Apple love to preach “the UI gets out of the way of your content” with each new redesign, but how true is that in practice? Let’s compare the total height of the Safari UI with a toolbar, favourites bar and tab bar visible, across the three latest Mac OS design languages – Yosemite, Big Sur and now Tahoe. I’ve added a red line for emphasis.
It sure looks to me like the UI is eating more into my content with each redesign.
Keyboard, mouse, track pad, track point, all of them have limits. Sometimes just touching what you want to do is more convenient. And if you don’t want to use it, then you can ignore it with no adverse effect. It isn’t something that’s in the way or prevents you from using other input methods.
And at this point the technology is so cheap there’s no reason not to include it. Well unless your company’s entire profit structure is based on charging exorbitant amounts for minor upgrades and making the lowest cost option almost always have some sort of glaring deficiency to try to push users to pay hundreds more than they need to for the “optional” upgrades that should have just been included and cost pennies on the dollar for the company. Then using your cult like user base to gaslight each other and outsiders into believing they don’t actually want something you don’t provide.
I don’t understand - what limitation does a keyboard and mouse have which is directly solved by a touchscreen?
Gestures like pinch to zoom or swiping photos are easier with touch. Drawing a shape or writing a signature are another thing.

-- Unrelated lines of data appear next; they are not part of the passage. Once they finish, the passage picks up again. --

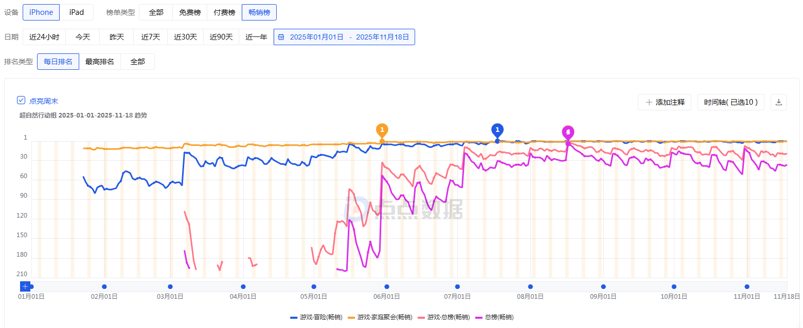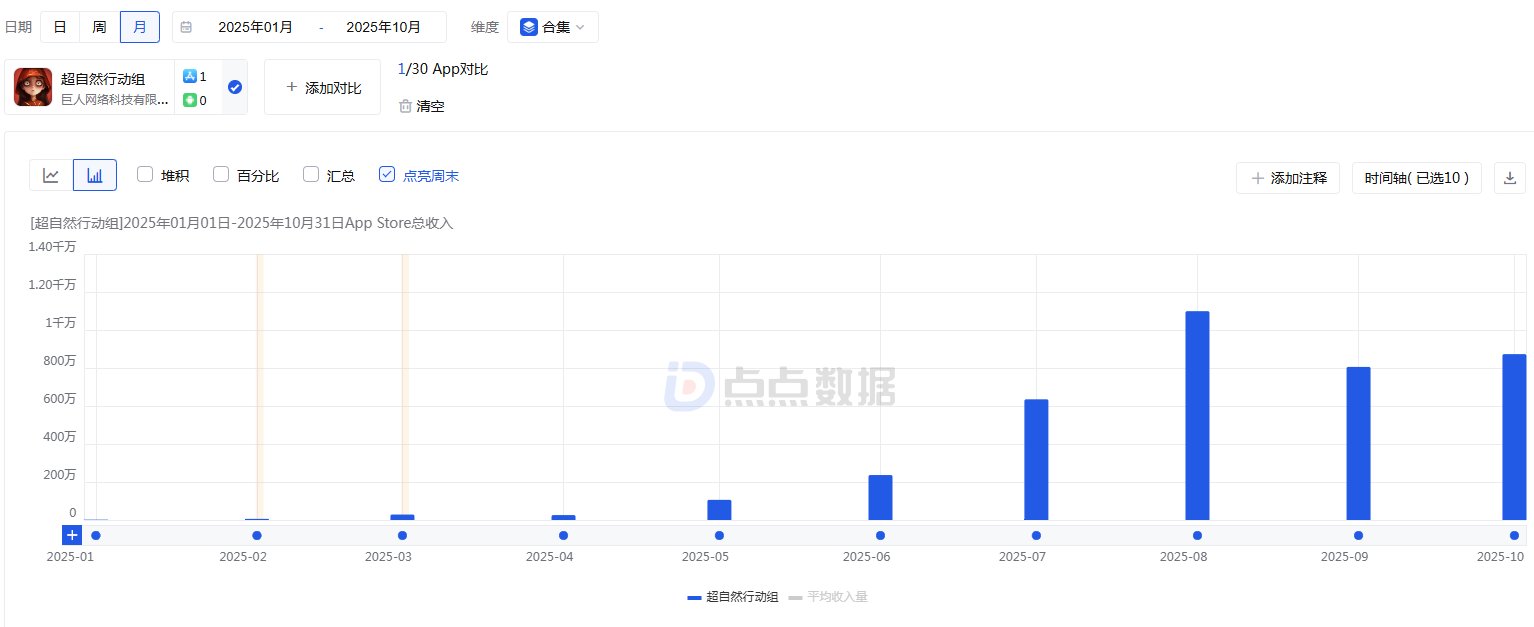 点点数据监测显示,《超自然行动组》上线以来“低开高走”。该游戏2025年7月同时在线人数突破100 万,8月中国内地iOS游戏畅销榜排名最高达到第4。
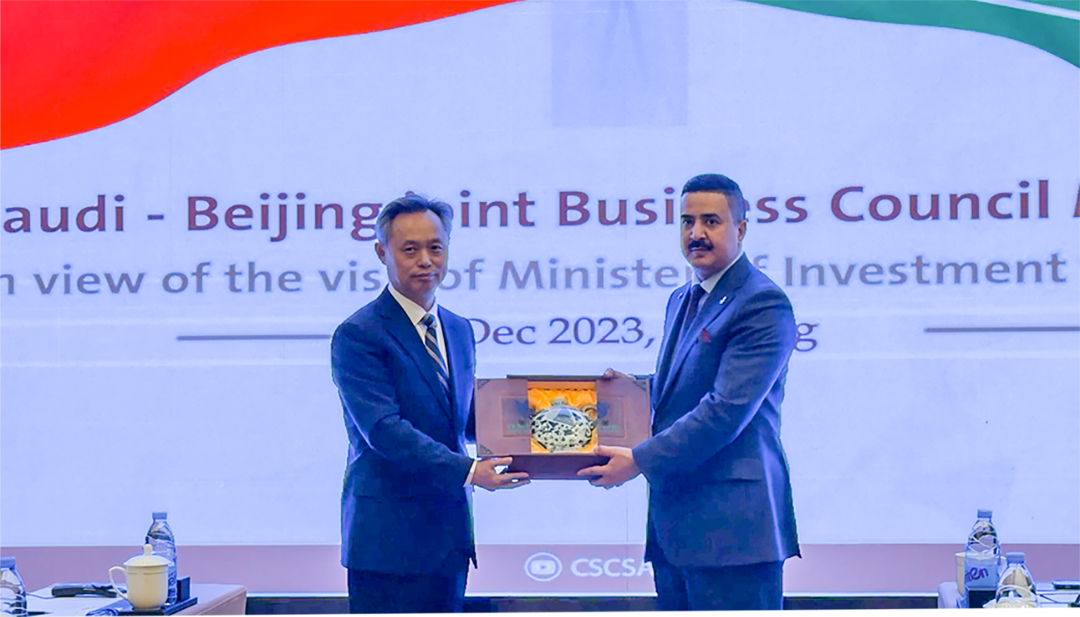 图:北京市贸促会和沙特-中国商务理事会互赠礼物。
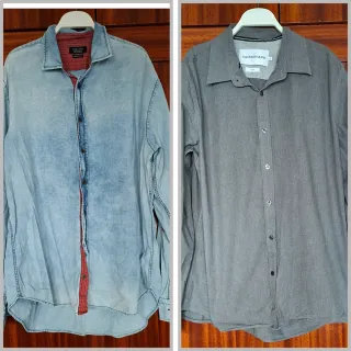 Se venden dos camisas de manga larga, una de Calvin Klein en color gris, talla Xl (Medidas: 61 cm sisa y 72 cm alto). Su precio es 14 €. La otra de Zara es una vaquera con coderas de color rojo a juego con otros detalles (Medidas: 60 cm sisa y 69 cm alto). Su precio es 7 €. Puedes verlas sin compromiso alguno. Si quieres vértelas puesta, podemos quedar en una tienda y te las pruebas. - Camisa Calvin Klein: diseño liso. - Camisa Zara: acabado desgastado y forro interior a cuadros.

Multitouch is something a mouse can’t do at all. Macs have quite a nice set of gestures that can be used with the touchpad. A touch screen could use similar gestures.
For laptops touch screens are useful. Especially on convertible laptops, that transform into a tablet when folding over the screen completely. Also when you’re using it with more than one person at the same time.
For desktops, I don’t really see much of a benefit. Apple’s touchpads are pretty nice for that use case. I used to have a mouse on the right and a touchpad on the left of my keyboard.
Apple has completely failed to build a great convertible laptop for many years now. Windows laptops do it somewhat okay, but this is the product category where Apple could actually build something great. Apple Pencil on a convertible MacBook would fly off the shelves.
Since Tim Cook’s reign started there has been little vision regarding product design.
Apple should go beyond iOS, iPadOS, macOS to a unified operating system with an adaptive UI. I want to connect my phone with an M-series chip inside (or watch) to a thunderbolt hub and have a full desktop experience. iOS/iPadOS are too neutered. macOS is too neglected. VisionOS is a dead end toy.
I don’t want synchronization between four devices, I want one device that does everything and connects to various peripheries.
I want that too but with Linux + Waydroid on software, Convertible form factor + VoLTE + x86 on hardware side
Pushing buttons against a vertical surface or one leaned backwards when it’s a keyboard’s distance out of your way is very awkward.
It’s about $100 dollars plus support e.g. for dust accumulation especially for the cheap devices.
That sounds like all the more incentive to provide a touch screen. What’s your conspiracy theory for them not providing it, if not just that it sucks?